Monday, June 28, 2010

Congratulations on Making Someone Watch the Cove!


Just to be perfectly clear you haven’t seen the Cove yet. And you won’t have seen it by the end of the day. But you will have forced your soon to be ex-girlfriend to watch it through a combination of craftiness and emotional manipulation.


You’ll start the process off by carefully laying a trail of M&M™ brand candies leading from the entrance of your shared apartment to the bedroom where the entertainment center looms. You’ll hide in a closet and wait for her to arrive home for several hours, falling asleep a few times. When she finally shows up she’ll slam the door, waking your from your respite.

“Fuck me,” she’ll shout to the seemingly empty apartment. “Thank christ I’ve got some alone time.” She’ll drop her bag on the table and let out a long sigh.
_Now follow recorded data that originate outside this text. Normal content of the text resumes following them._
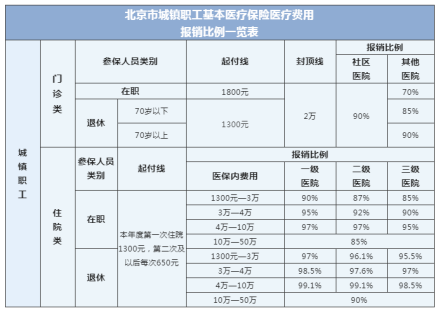 目前,北京市在职职工医院门诊报销比例达到70%以上,退休人员达到85%以上,社区卫生机构报销比例均为90%,门诊封顶线为2万元。北京市在职职工住院报销比例在85%以上,退休人员住院报销比例在90%以上,最高可达99.1%,住院封顶线为50万元。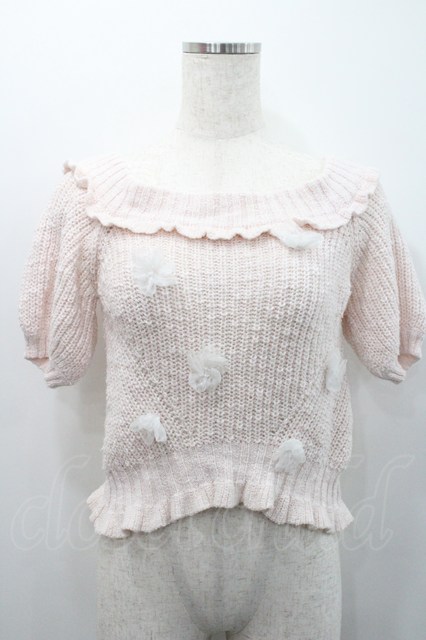 LIZ LISA / フラワーモチーフ付き半袖パフスリーブニットトップス ピンク I-26-01-31-008-LO-TO-SA-ZI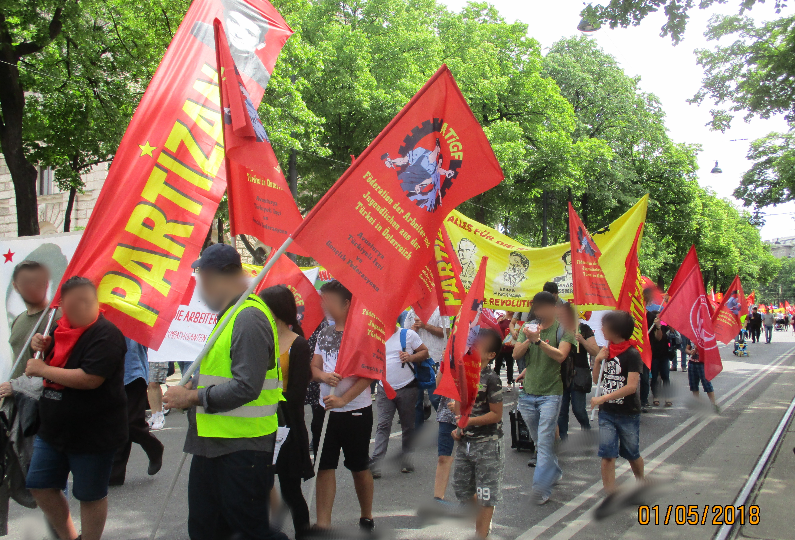 Der erste Mai 2018 wurde von den Revolutionären in Österreich kraftvoll und lebendig begangen. In allen Bundesländern waren die Demonstrationen größer als in den vergangenen Jahren und vor allem ist die gute Zusammenarbeit von den österreichischen Revolutionären mit den türkischen und kurdischen GenossInnen von Partizan Avusturia besonders hervorzuheben.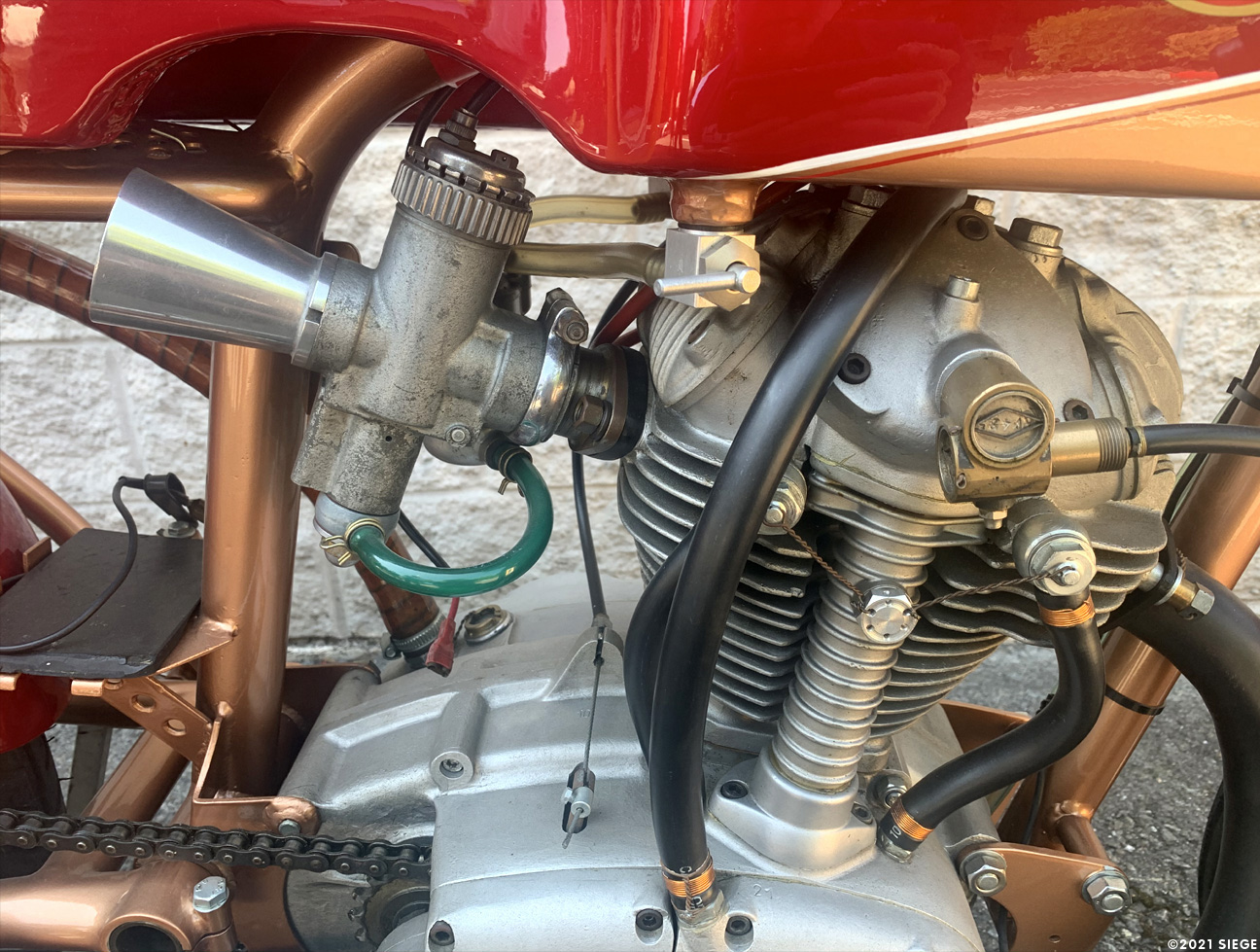 As the Villa brothers were factory riders, this combination of components probably occurred at the factory prior to the bikes shipping to Argentina. So while not an original 250 F3, the provinance is nonetheless extremely interesting, is this bike was possibly a 175 F3, raced by the Villa brothers between 1960 and 1962, at some stage factory fitted with a 250 F3 engine. |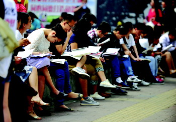 2015省考笔试考场外考生正在复习。 本报记者 王媛 摄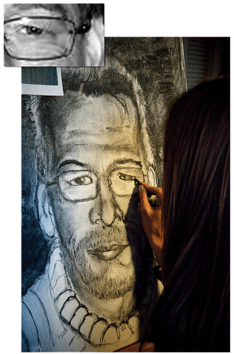 Het rechteroog; geen enkel probleem. Hup, een paar minimalistische lijntjes ét voila; een bijna perfect gelijkende kijkert.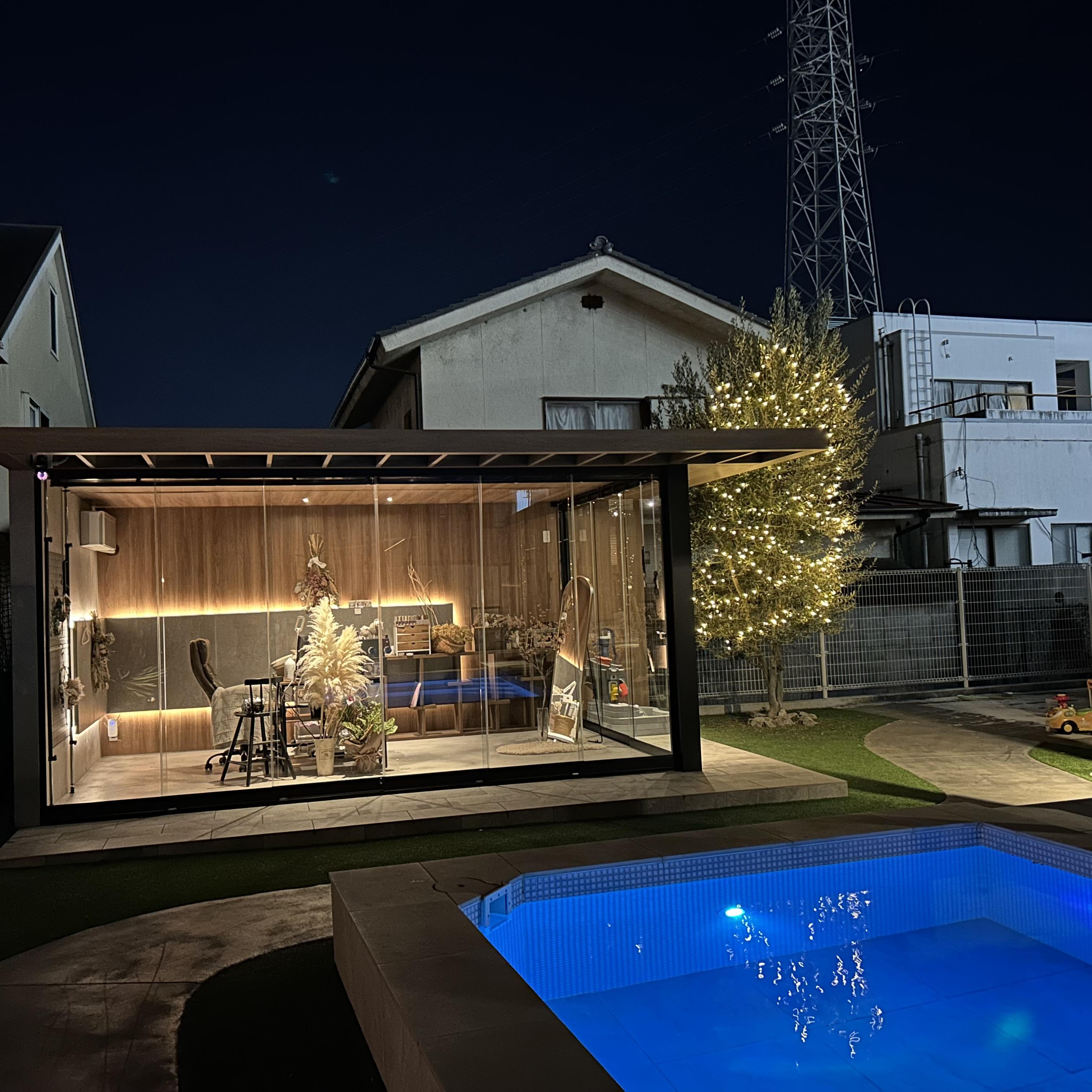 大きなガラス面によって開放感があり、昼とは違う時別な表情を楽しめる空間です。エクステリアやお庭の空間には「こんな空間にしたい」を教えてください。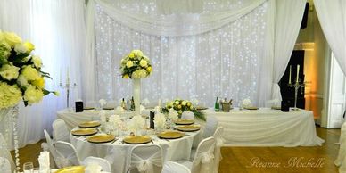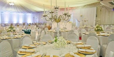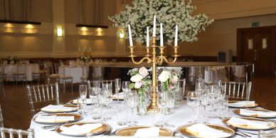 Gold Candelabras with Ivory candles matched with our Gold Charger Plates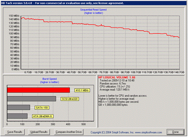 Для проверки, запустил подобные тесты на DL360G6 + Р410i + 8 дисков sas 2.5 по 140Gb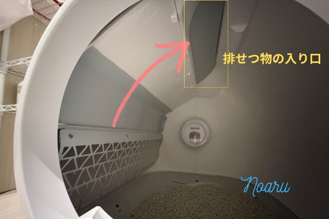 我が家ではmiruto製品を使用していますが、自動処理で回転するとき、排せつ物が入るまでのドーム内の壁(矢印部分)が匂うことがあります。
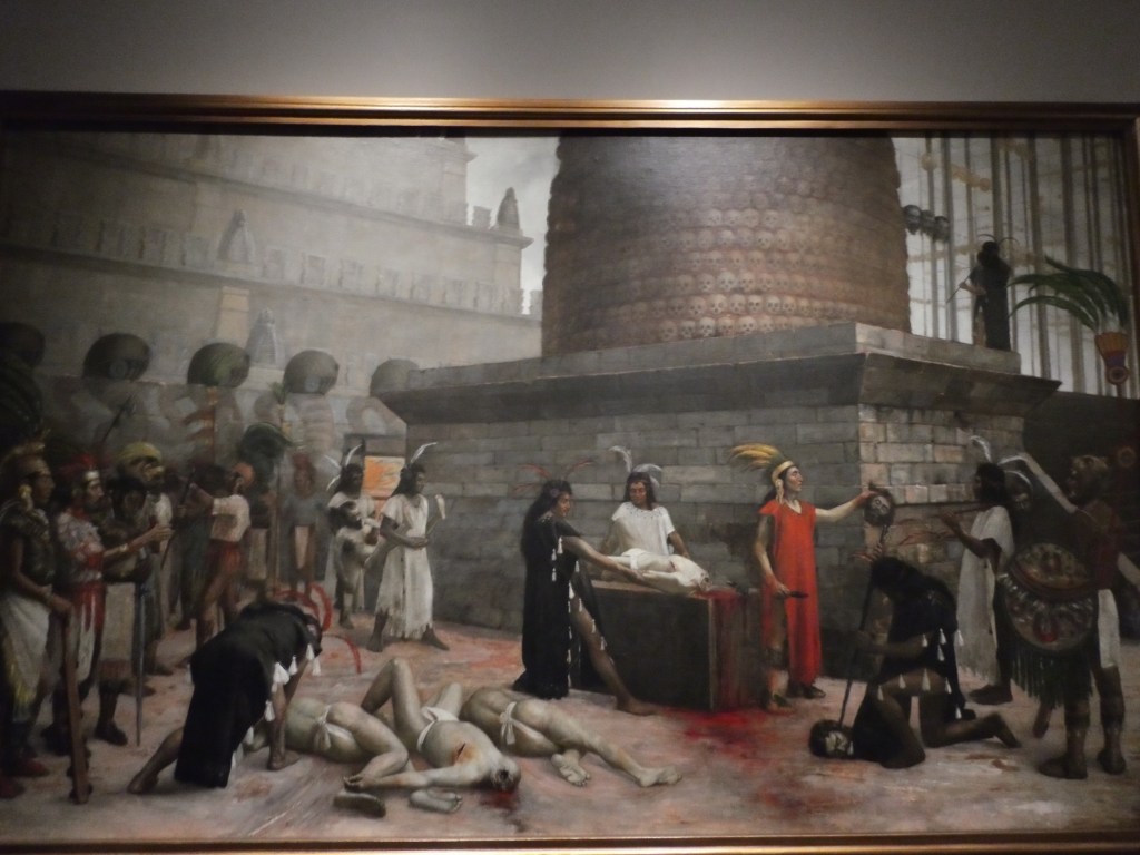 I started snapping my camera with the energy and enthusiasm of a paparazzi looking to upskirt Diana circa 1985. Next were two screens depicting the fall of Tenochtitlan. Conquistadors and Aztecs drowning, toppling from burning buildings, impaling or shooting each other … Such rich detail. Lots more paintings of the Eagle eating a snake on the cactus (what’s on their flag), cacti, maps, small statues, huge portraits of Montezuma. Even the landscapes were great – normally I am all about the portraits or paintings of people. Wow! And I hadn’t even hit the main collections yet! I entered the main courtyard to this powerful piece.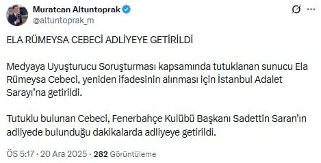 Medyaya Uyuşturucu Soruşturması kapsamında tutuklanan sunucu Ela Rümeysa Cebeci, yeniden ifadesinin alınması için İstanbul Adalet Sarayı’na getirildi.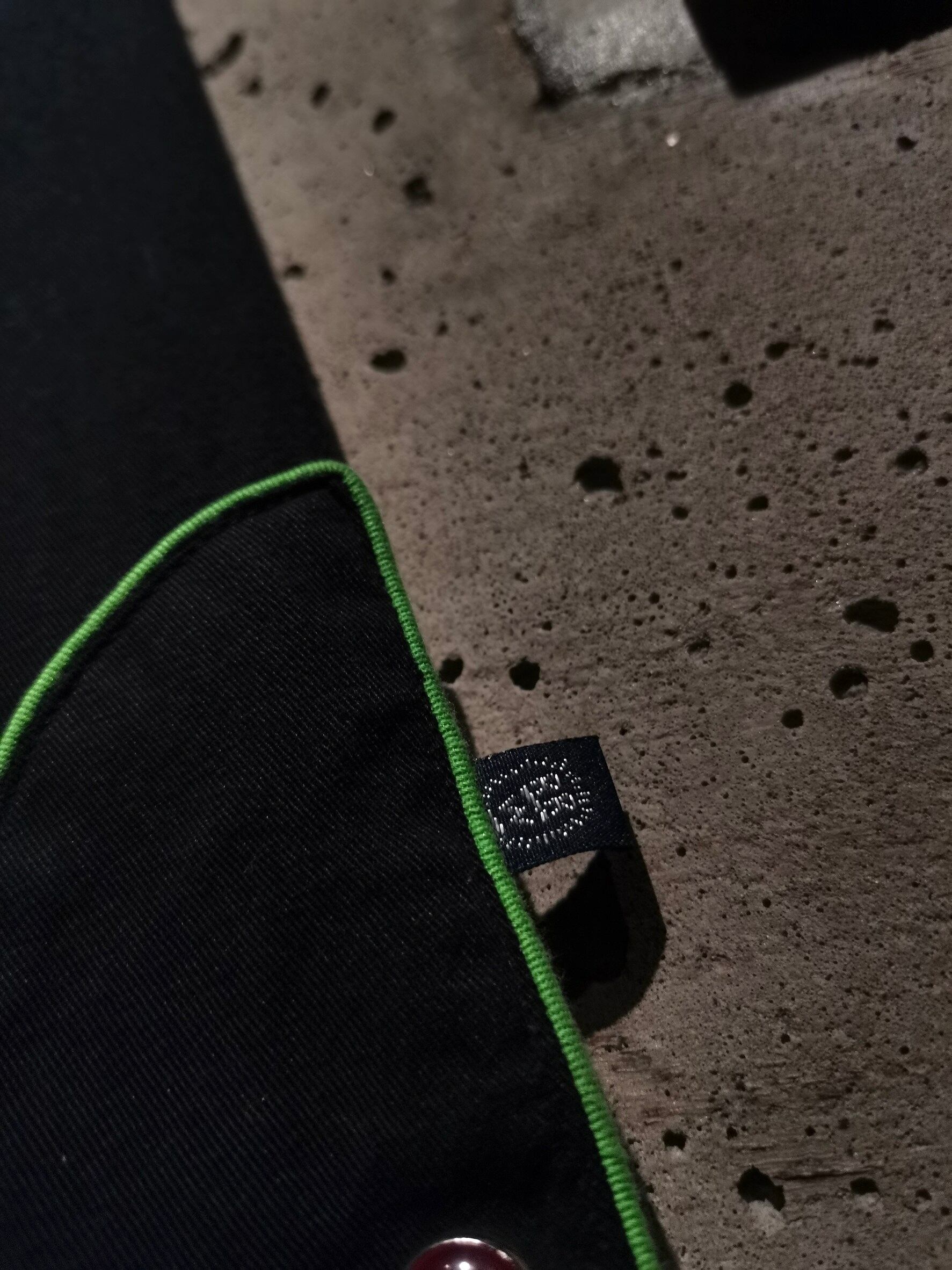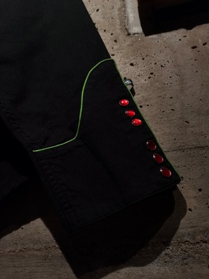 ブラックのボディに緑のパイピングのアクセントも良く、前たての赤色の3連ボタンも洒落てます。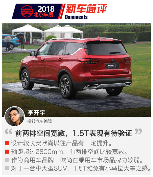 【搜狐汽车 2018北京车展】就在前不久,长安欧尚发布了一款用COS1°命名的中大型SUV,COS1°所对应的值无限接近于1,你也可以理解为接近于100%,厂商似乎是想借助这个名字告诉大家他们对于这台车的信心,那么最终的产品能够不负希望吗?在北京车展前夕,搜狐汽车编辑抢先实拍了这款新车,下面就请跟随我们的镜头一起来了解一下吧。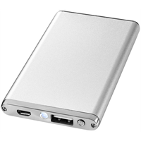 Powerbank heeft een capaciteit van 2200 mAh en levert voldoende energie voor het opladen van mobiele apparatuur. Geleverd met oplaadkabels in een witte kartonnen geschenkverpakking. Aluminium.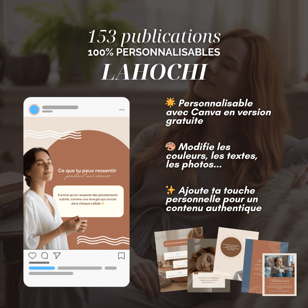 Ce pack de publications est idéal pour les professionnel(le)s des soins énergétiques et les passionné(e)s du Lahochi souhaitant communiquer efficacement sur les réseaux sociaux sans y passer des heures.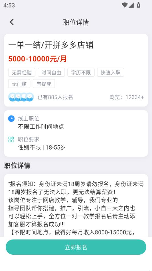 2、多数岗位无需经验、学历不限,且支持宅家操作,都是可以方便去上手操作的。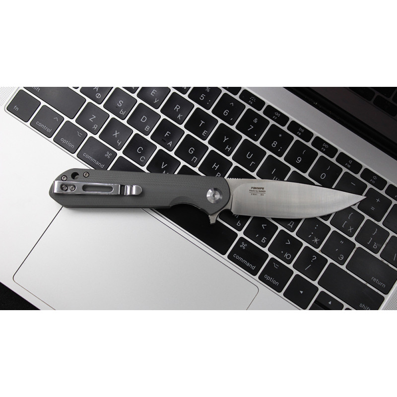 Ніж FH41 відразу сподобався всім, як тільки з'явився на ринку. Він універсальний і міцний, виробник продумав кожну дрібницю. Форма клинка класична – drop-point, з приспущеним до вістря обухом. Виготовляється він із високоякісної сталі D2 з твердістю 60 HRC. Фіксує клинок у закритому і відкритому положенні механізм Flipper, який показує високу надійність.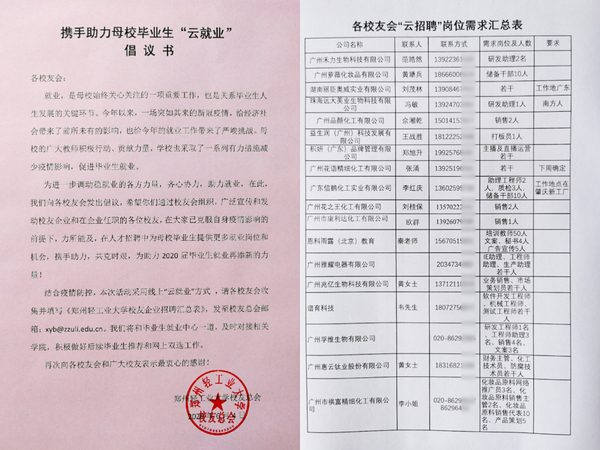 2020年的毕业季,充满挑战,更充满温情。为有效缓解今年疫情对毕业生就业造成的不利影响,近期,TianXing Sport校友总会、毕业生就业指导中心和各学院通力协作,组织各校友会联合开展了2020届毕业生“云就业”活动,通过广泛调动校友力量,积极为毕业生提供优质就业岗位。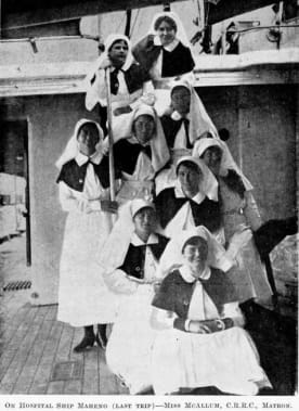 On Hospital Ship Maheno (last trip)—Miss McAllum, C.R.R.C., Matron. Image: New Zealand Electronic Text Collection. (CC BY-SA).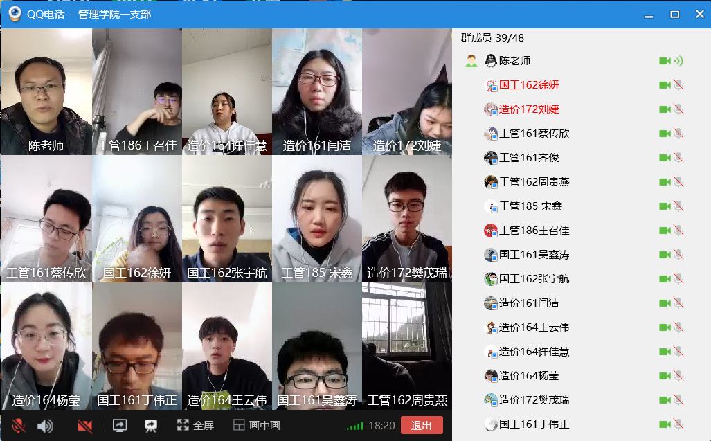 自疫情爆发以来,大学生群体受到各级组织的关心爱护,收到数封充满关爱的信件,为进一步促进支部党员学习领会党中央及各级党组织关于疫情防控的指示精神,贯彻落实防疫期间对大学生的部署要求,充分发挥学生党员的先锋模范作用,2月15日,管理工程学院本科生一支部组织开展“我承诺、我践行——致各级党组织的一封回信”线上活动,支部委员张冯冯老师和37名学生党员全部参加,会议由支部书记陈永亮老师主持。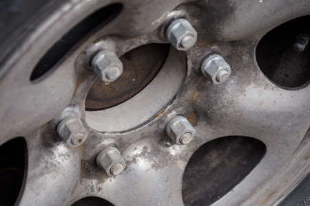 Close up car's wheel, gray color.

Then she’ll notice the candy on the floor. She’ll look around the apartment to make sure that no one is around, checking underneath cushions and rugs but never thinking to look in the closet where you’ve cleverly concealed yourself under a sheet (you deserve each other).

Satisfied that the apartment is free from observers she’ll pick up the first M&M™ and place it in her mouth, chewing unexpectedly like a bird. Then she’ll proceed to do so with a second candy and so on and so forth until she reaches the next room. What follows next you can only speculate at, but you’ll assume that she follows the candy trail to the middle of the room and spends time devouring her newfound horde of chocolate.

You won’t be able to find out because you’ll have run up behind her and slammed the door shut, locking it and shoving a set of carefully designed wedges (you’re a carpenter) into the gaps between door and frame to seal her inside.

“Herrow?” she’ll call out from inside, her voice obscured by candy. You’ll giggle at yourself, delighted, then leave the apartment to go eat Chinese food alone while she deals with the trap you set up for her.

Inside the room she’ll see that the DVD player has been loaded and that a note is attached to the TV. It will read that you know she’s been cheating on you and that you feel really hurt. You’ll have rented the acclaimed documentary The Cove to show her just how sad you feel. You’ll instruct her to play it so that the she can share your feelings and the two of you can move on with your relationship, having grown from your heartbreak.

She’ll turn on the DVD player and the TV, fast forwarding through the previews and pressing play more out of hunger than any desire to actually salve your feelings. But after forty five minutes of watching those poor dolphins mistreated by the modern world she’ll be weeping openly. She’ll understand that she, like man, has mistreated you like a poor, defenseless and wise dolphin. When the film is finally completed and you arrive at home a little early to remove the wedges from the door and let her out of her makeshift prison she’ll run out of the room as quickly as possible. She won’t mention having missed dinner or how much of her time you’ve wasted.

She’ll just stand for a moment and say “I’m sorry. You deserve better.”

Then she’ll pick up her bag and leave for a motel. That night she’ll lay there on a motel bed wondering if she’s good enough for anyone if she can make you feel that bad. She’ll consider suicide briefly before masturbating herself to sleep.

Back at home you won’t be able to masturbate. Or sleep for that matter. All you’ll be able to do is stare up at your ceiling and wonder if maybe you should’ve picked a movie that you’d seen, or even a film that had a slightly less sad reputation. Maybe something like Tideland, which probably would’ve confused her but still been, in a way, more accurate.

Congratulations on Making Someone Watch the Cove!